**Stored data**
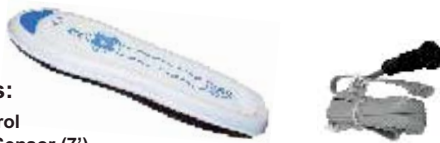
Wireless I/R Remote Kit HQ PT#: 48-0197 (parts available separately)

Kit Includes: Remote Control I/R Receiver Sensor (7')
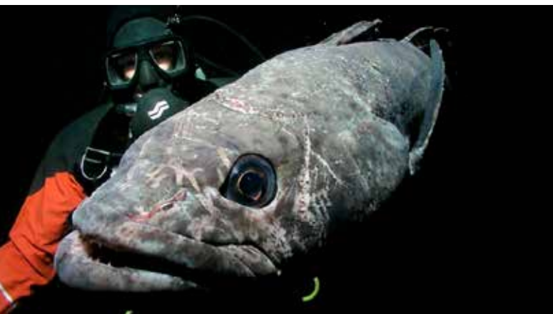
Research and monitoring in the Ross Sea MPA in the Antarctic. Antarctic toothfish and diver

Unlike other Regional Sea Conventions, the Commission for the Conservation of Antarctic Marine Living Resources has a mandate to regulate all harvesting activities. Moreover, the countries which have activities in this area are included in the 25 Members of the Commission. The adoption of the creation of MPAs can be complex, however. An EU-Franco-Australian project for the creation of an MPA in eastern Antarctica, covering about one million square kilometers, was not endorsed because of the concerns of some Member States over fishing rights in this area. To date, there are only two MPAs in the high seas.

**Aim of the exercise**
Restate the tail of the listing word for word, beginning at the line containing "Research and monitoring".

**Your solution**
Research and monitoring in the Ross Sea MPA in the Antarctic. Antarctic toothfish and diver

Unlike other Regional Sea Conventions, the Commission for the Conservation of Antarctic Marine Living Resources has a mandate to regulate all harvesting activities. Moreover, the countries which have activities in this area are included in the 25 Members of the Commission. The adoption of the creation of MPAs can be complex, however. An EU-Franco-Australian project for the creation of an MPA in eastern Antarctica, covering about one million square kilometers, was not endorsed because of the concerns of some Member States over fishing rights in this area. To date, there are only two MPAs in the high seas.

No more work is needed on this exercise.